Chris’s brow creased. “Emma, you know I’ve always been fond of your family. Of you. Do you have to ask, after all these years?”
“Yes. I do,” Emma said hoarsely. “You sent threatening letters to Kenneth Mahoney.”
He sat back in his chair. “Kenneth Mahoney? That was years ago.”
“Did you know what my father was doing?” Emma demanded. He was silent. She looked away, blinking sudden tears from her eyes. “You knew. And you didn’t say anything.”
“I knew that your father was up to something. Not when I wrote the letters to Kenneth Mahoney,” Chris said. “That was doing a favor for a friend who said that an angry employee was slandering him. In retrospect, I shouldn’t have agreed to do it. I didn’t know there was anything else going on until later.”

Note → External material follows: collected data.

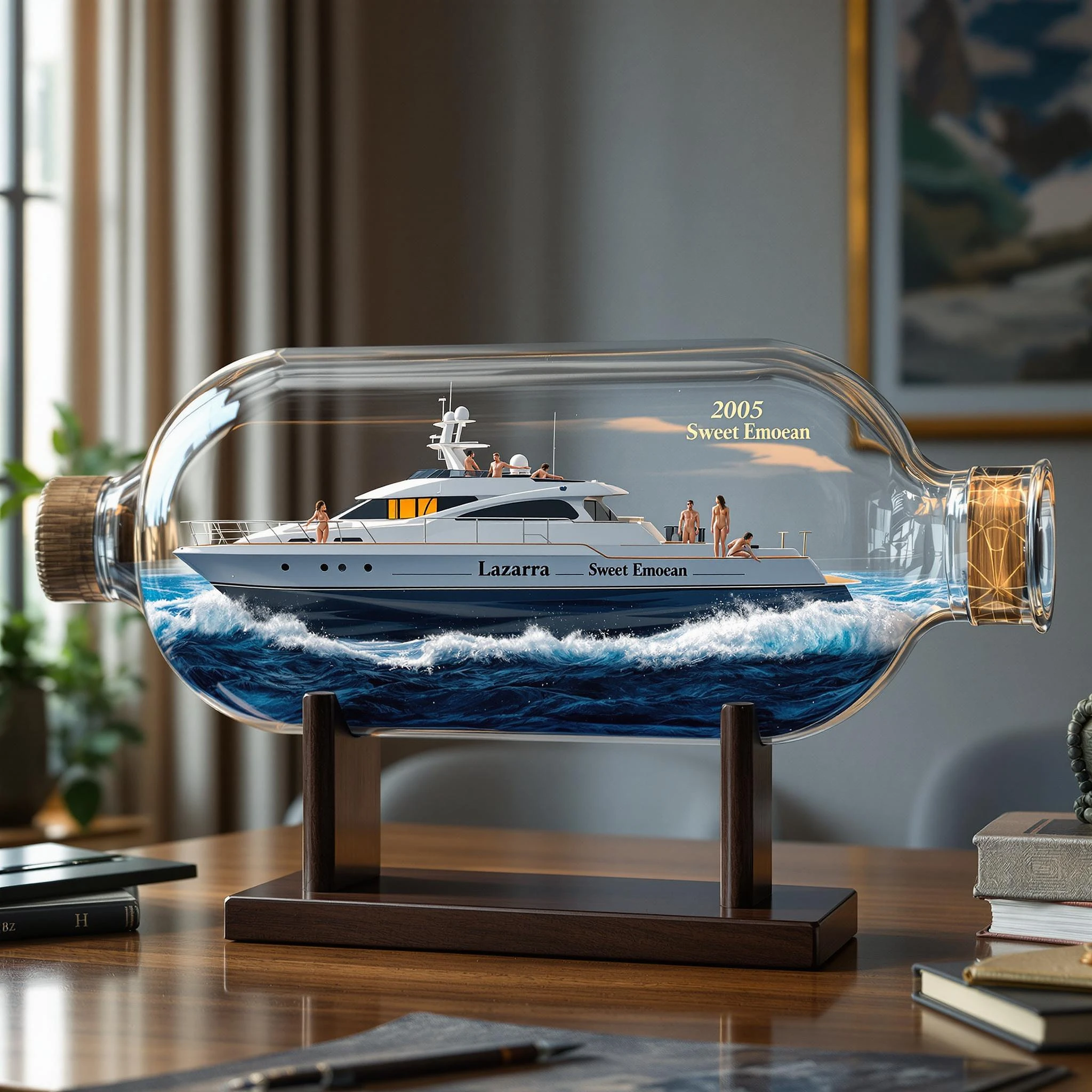 A realistic ship in a bottle, featuring a ((2005 68 foot Lazarra enclosed fly bridge) ) luxury super yacht scene. The yacht is busy with a few naked people on deck. The yacht name "Sweet Emoean" is visible on the side. The scene includes cresting waves, capturing a vibrant, dynamic moment. The bottle sits on a stand as a decoration on a professional-looking desk in a well-appointed home office. Highly detailed, ultra-realistic, cinematic, 8k. Negative prompt: text, logos, watermarks, out of frame, ugly, extra limbs, extra hands, extra feet, extra fingers, bad anatomy, blue hull
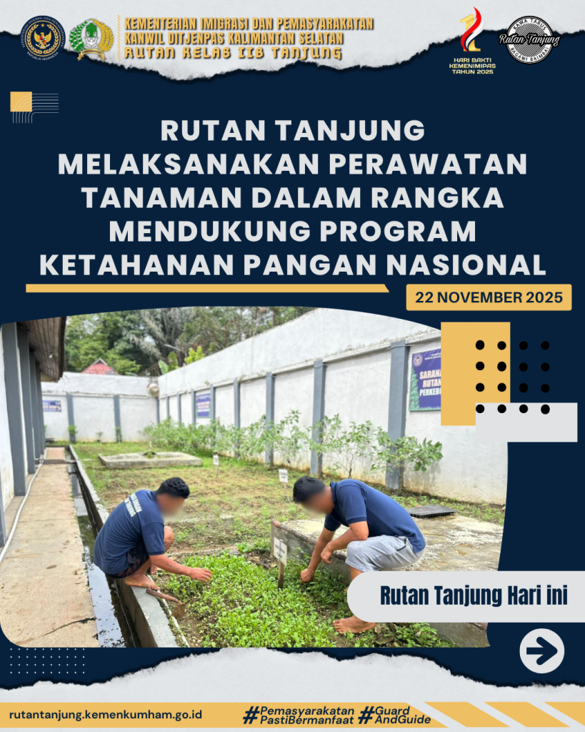 Rumah Tahanan Negara (Rutan) Kelas IIB Tanjung terus berkomitmen mendukung program ketahanan pangan nasional melalui kegiatan perawatan tanaman yang melibatkan warga binaan dengan pengawasan ketat dari petugas. Sabtu (22/11/2025).
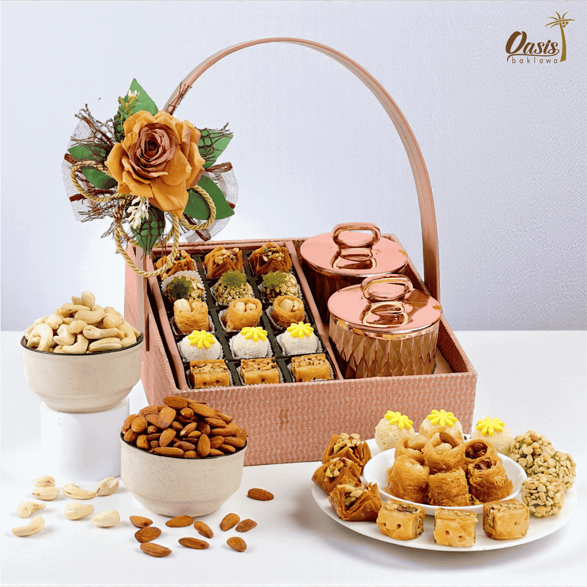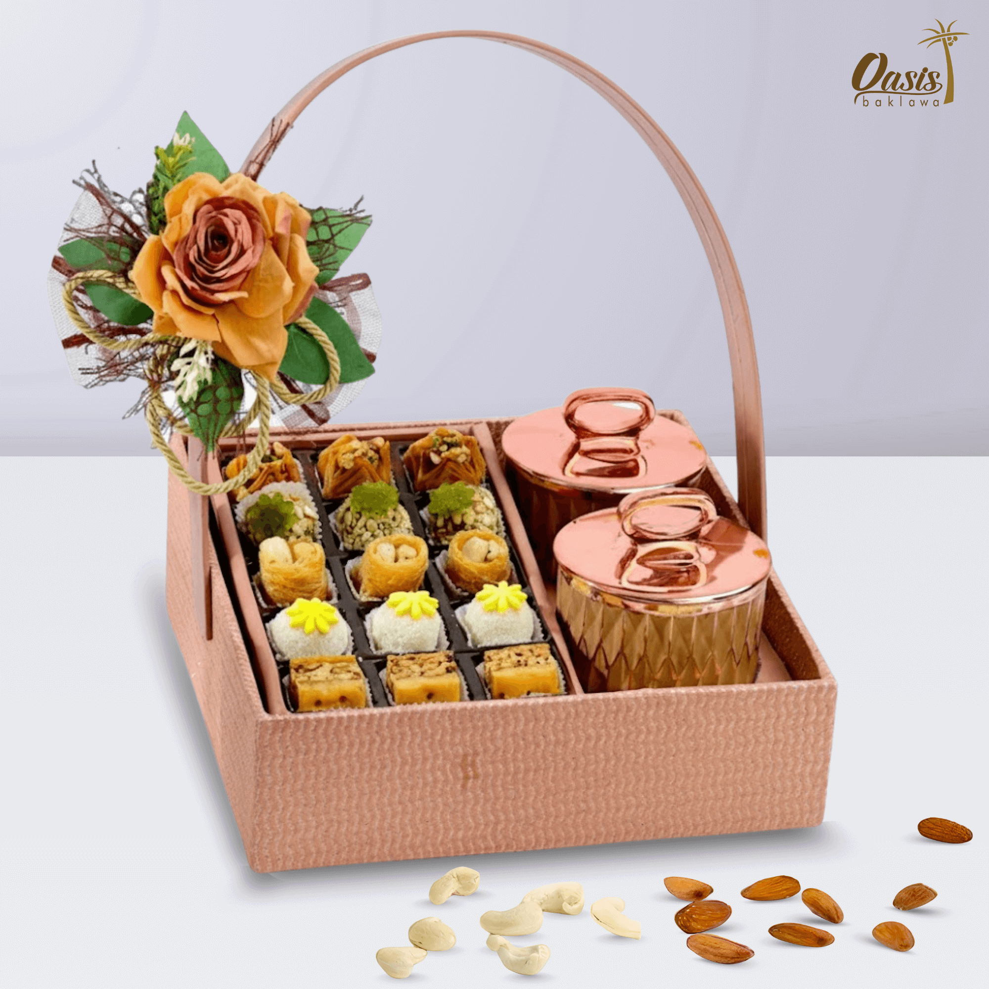 Elanor Luxury Baklawa Basket with Copper Jars | Premium Gift Hamper
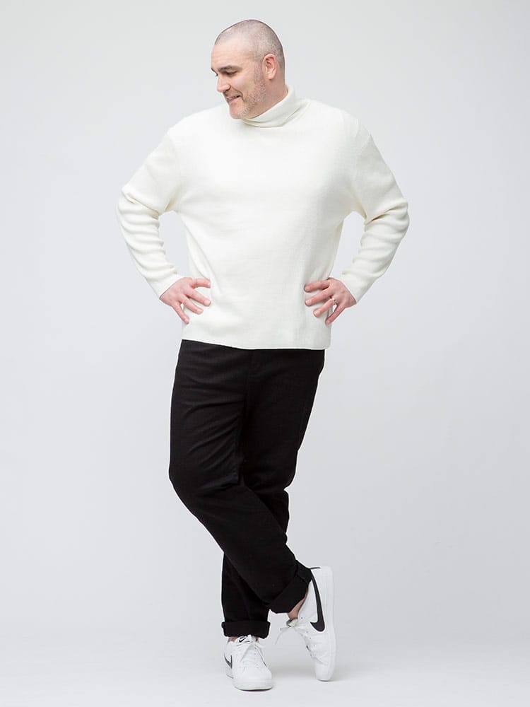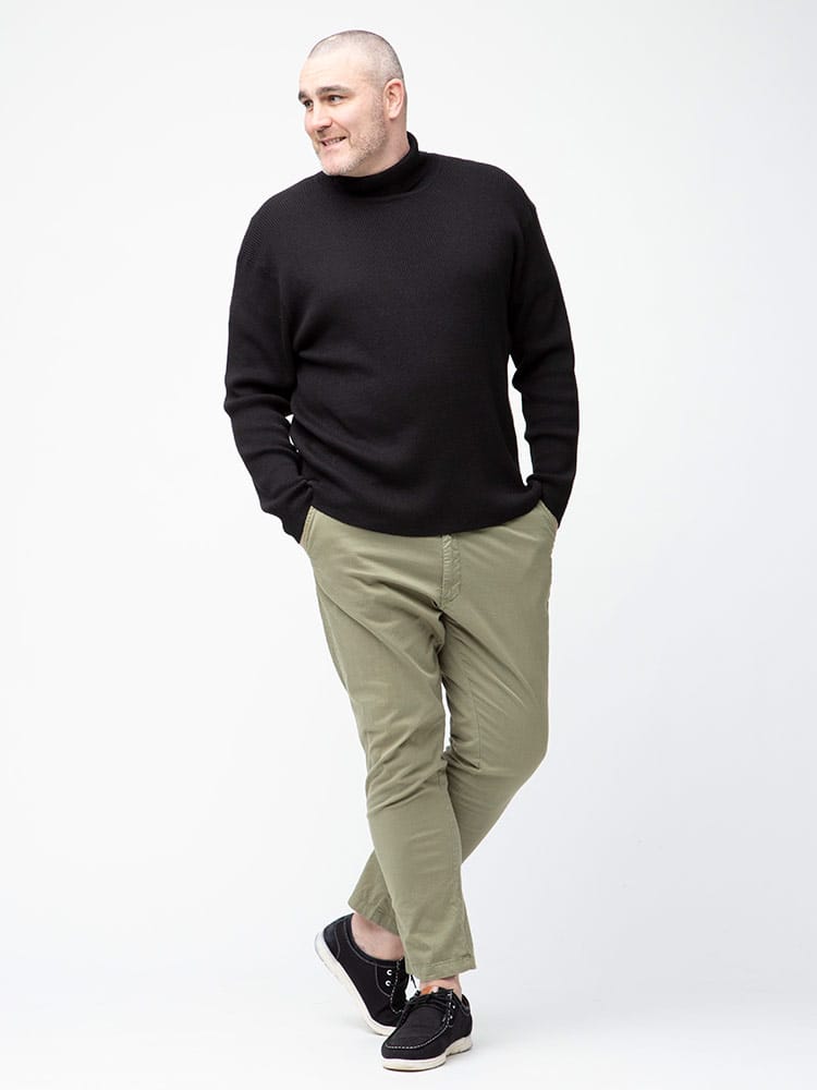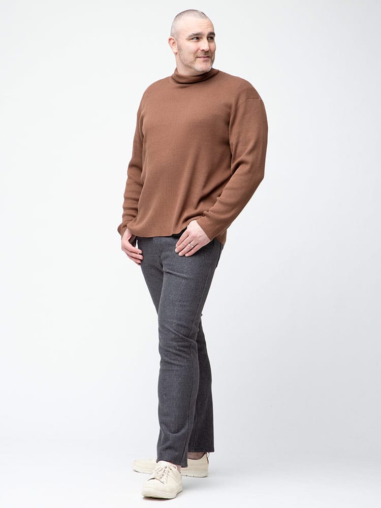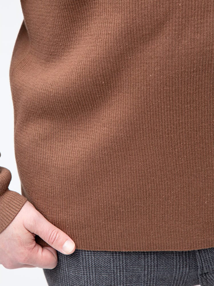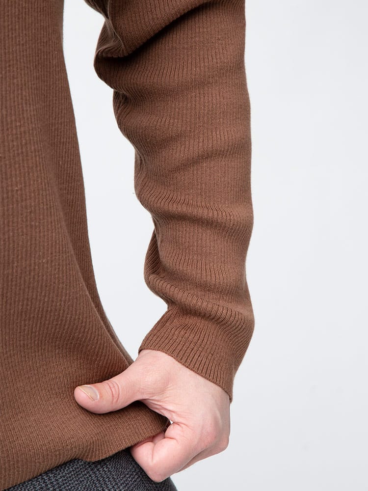 綿混のリブ編みで仕上げた無地 タートルネック セーターです。ベーシックな無地デザインでどんなスタイルにも合わせていただけます。首元も暖かなタートルネックデザイン。シンプルなデザインで大人のカジュアルスタイルに最適なアイテムです。
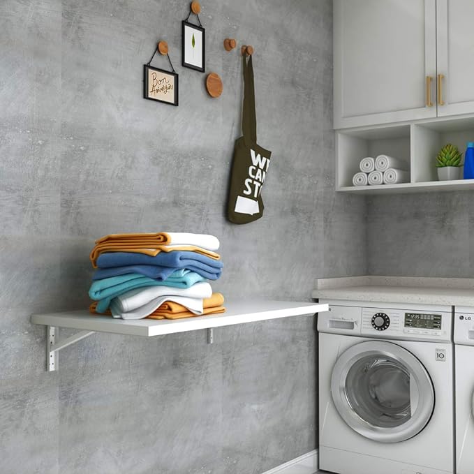 Need Fold Down Wall Mount Desk Heavy Duty Small Folding Wall Table Length 36" Width 20" Perfect Addition to Home Office/Laundry/Home Bar/Kitchen & Dining Room AC15DW(9050)
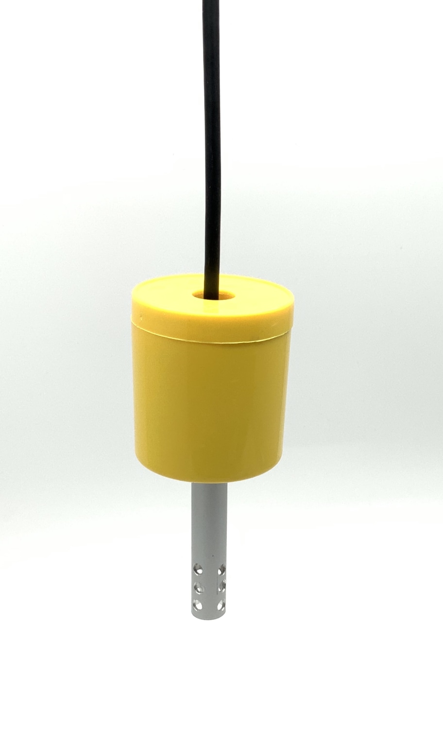 Vand sensoren er kompakt, kun 14 mm i diameter. Et gult lod (diameter 50 mm) medfølger, men kan udelades ved mindre installationer.
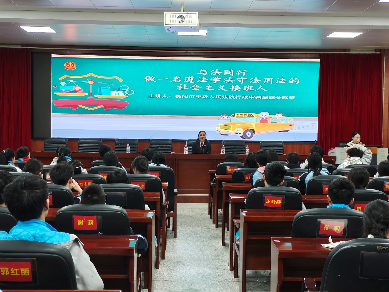 (通讯员:李颖)为扎实做好青少年法治教育工作,培养青少年尊法、学法、守法、用法意识,衡阳市实验中学于3月19日特邀衡阳市中级人民法院行政审判庭庭长陈慧法官,为全体师生开展了一场主题为"与法同行,做一名遵法学法守法用法的社会主义接班人"的普法宣传活动。
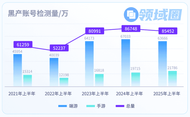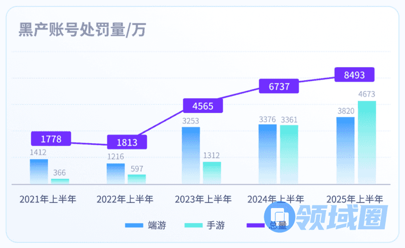 2025年上半年,腾讯游戏安全处罚的黑产账号量约为8493万个,同比2024年上半年(6737万个)上升20.6%;其中端游黑产账号处罚量同比上升13%,上升量为444万;手游黑产账号处罚量同比上升39%,上升量为1312万;
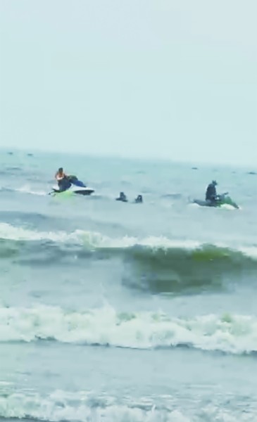 經(jīng)過多方聯(lián)系了解,記者找到了參與救人的兩位沖浪愛好者,他們是北浪沖浪俱樂部的會(huì)員色川浩市和伊藤公平,兩位都是日本人,來青島定居多年,每天都會(huì)到俱樂部換衣服、拿板、下海沖浪。7月2日下午,兩人也像往常一樣去石老人浴場(chǎng)玩板,突然間聽到有人大聲呼救,“兩輛摩托艇無法實(shí)施救援,我當(dāng)時(shí)距離事發(fā)海域只有20米左右,就坐著沖浪板去找孩子,想讓他上我的沖浪板,但他拒絕接受幫助,還繼續(xù)往海里游,”伊藤公平告訴記者,“當(dāng)時(shí)海浪非常大,我說這樣下去你會(huì)淹死的,慢慢地幫助他冷靜了下來,后來朋友色川浩市和另一位救人者也來了,我們一起通過沖浪板把他救了出去?!?/p>
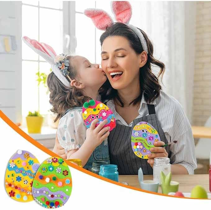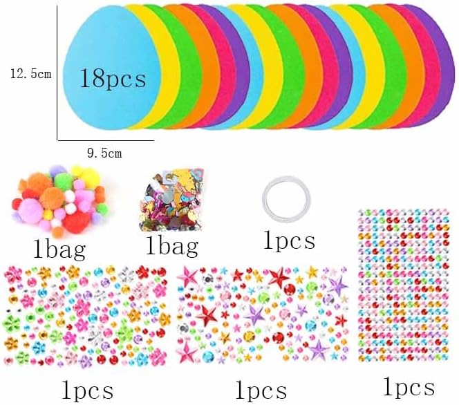 Il nostro set per il fai da te di Pasqua contiene 18 uova in feltro, 6 adesivi a righe di colore, 3 adesivi con diamanti, piccoli adesivi e pompon Le nostre uova pasquali sono realizzate in feltro di alta qualità, ogni uova in feltro ha una dimensione di circa 12,5 x 9,5 cm I nostri mestieri pasquali per bambini sono perfetti per dare libero sfogo alla loro immaginazione e creatività! Il set di bricolage pasquale è adatto per feste di Pasqua, regali di Pasqua, corsi di bricolage scolastici e giochi interattivi per genitori e bambini. È la decorazione perfetta e l'accessorio perfetto per le feste di Pasqua. Contenuto della confezione: 18 uova in feltro, 6 adesivi a righe di colore, 3 adesivi diamantati, piccoli adesivi e pompon

“There were robberies. A series of truck robberies, and someone died,” Emma said. She wasn’t sure she was making sense. She wasn’t sure anything would make sense ever again. “It was Dad. I don’t know if he was part of the actual thefts, but he moved the goods.”
“I remember those robberies,” Chris said. He sat back in his chair, rubbing his chin. “Ellis was part of the task force. There was speculation at the time that there might have been someone feeding the thieves information from the investigation.”
“Kenneth went to Ellis about it. Ellis blew him off.” Emma’s mind churned through the possibilities. If Ellis was the source, if Ellis was involved …
“No one took Kenneth seriously,” Chris said. “And I don’t see what any of this has to do with your husband’s death.”
“Kenneth Mahoney found out what they were doing, and then he disappeared. No one questioned it because it wasn’t the first time he’d taken off, but he always came back.”
“Okay,” Chris said slowly, his tone cautious.
Emma plowed on. “When my mom came to you, she said she had evidence on a flash drive, right? Well, I found it fourteen years ago—but I lost it. I think Nathan found it. I think that’s why he’s dead. He called Ellis that night. He told him he’d found something. What if Ellis was involved? What if—”
Chris held up a hand. “Emma. Slow down. You don’t have this flash drive now, do you?”
“No.”
“And the last time you saw it was fourteen years ago.”
She hesitated, then nodded stiffly. No need to bring Daphne into this—not yet. He folded his hands on the desk, looking down at them.
“This is all wild conjecture,” Chris said. “I can talk to Mehta, and I can look into things on my end. Maybe there’s something to all of this. But there is no benefit to rushing here. Nothing is going to happen in time to stop you from being arrested. Given that, it is far better to do things carefully and be sure of what we have.”
“You’re not the one who’s about to be arrested for her husband’s murder,” Emma snapped. She stood, pulse thudding in her temple and skin flushed. She started to leave.
“Tomorrow morning,” Chris said in a firm, warning tone.
“I’ll be waiting,” Emma pledged, venom in her voice.
“It’s going to be okay, Emma,” Chris said.
“You can’t promise that,” she told him, and left the room without saying goodbye. Outside, JJ sat in a chair in the hallway, chewing her thumbnail. She jerked as the door opened and surged to her feet, all pointless motion.
“What’s going on?” JJ asked. “What did he say?”
“Let’s get home,” Emma said wearily. “I’ll tell you on the way.”